As for the folly of net neutrality, look no further than Netherlands and Slovenia where regulators cannot even interpret the rules that were foisted upon them through overnight advocacy. The painstaking, measured approach to which telecom regulators are accustomed has consistently showed that existing EU law already provides ample protection for consumers and competition. Because net neutrality rules and definitions are sufficiently vague, there is a risk that any new complaint becomes a “net neutrality” violation even if it has nothing to do with the network.
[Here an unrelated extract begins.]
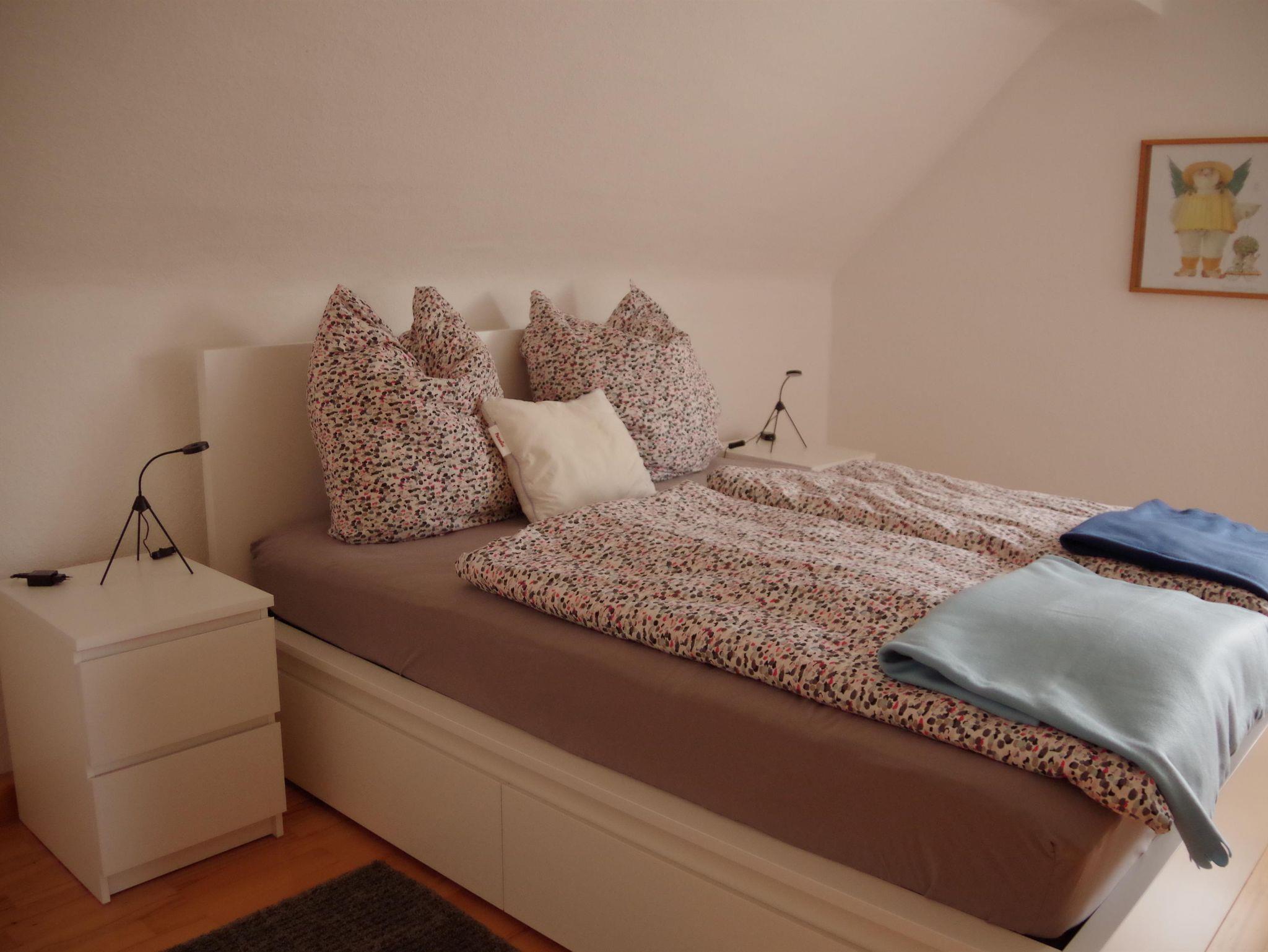 Zwei Schlafzimmer mit modernen Doppelbetten (2.00 x 1,80 m ohne Fußbrett) bieten Platz für vier Personen. Das angrenzende schöne neuwertige Bad mit Badewanne, Waschmaschine und Trockner komplettiert die Etage.

European telecom regulators have wanted to use resources more efficiently, but net neutrality requires that they increase staff to hunt for imaginary violations. Indeed the FCC, America’s telecom regulator, just asked Congress for a 23% budget increase to hire the lawyers it needs to chase down operators. This brings the agency’s budget to nearly one half billion dollars. In a marked reversal to its successful, hands-off the internet approach, the 1934 telephone monopoly rules recently adopted, allow the FCC to regulate rates, set price controls, tax broadband, and most disturbing of all, legitimise the network surveillance which Europeans so despise.
In any event, it’s not surprising that the American rules are already being challenged in court, most notably by a small broadband provider with only 700 customers. American operators need at least one full-time staff person just to keep up with FCC regulations. Bad regulation is a detriment to market entrants, an irony as the rules were billed as supportive to competition. But make no mistake, net neutrality has always been subterfuge for enshrining the market position of the established internet companies; that’s why Google, Netflix, Amazon, Ebay, and other players have lobbied so hard for it on both sides of the Atlantic.
Long way to go to a digital single market
There is no doubt that there is a long way to go to achieve a digital single market in the EU, but at a minimum the Commission must implement the basic tasks they have outlined: facilitate e-commerce, eliminate geo-blocking, and simplify VAT across EU countries. They also identify coordinating spectrum across countries, increasing transparency on platforms, and reducing piracy. The Commission recognises the role of digital skills. Europeans need to be educated so that they are prepared to take IT jobs. Moreover, the EU needs to foster the environment so that the best innovators and entrepreneurs stay on the continent — or come to the continent, not to Silicon Valley.
The one crucial component on which the whole system rests is investment in networks. Without it, there is no innovation or digital economy. It is the single largest — and most important — input.
However, Strand Consult is afraid that the EU has passed the point of no return. The region may be too far gone and incapable to pull together the implementation of the digital agenda. The EU Comission’s plan is right, but their action is too little, too late, and too slow. Without immediate action, Juncker and the rest of the digital agenda team will leave office just like Neelie Kroes: big ambition but no results.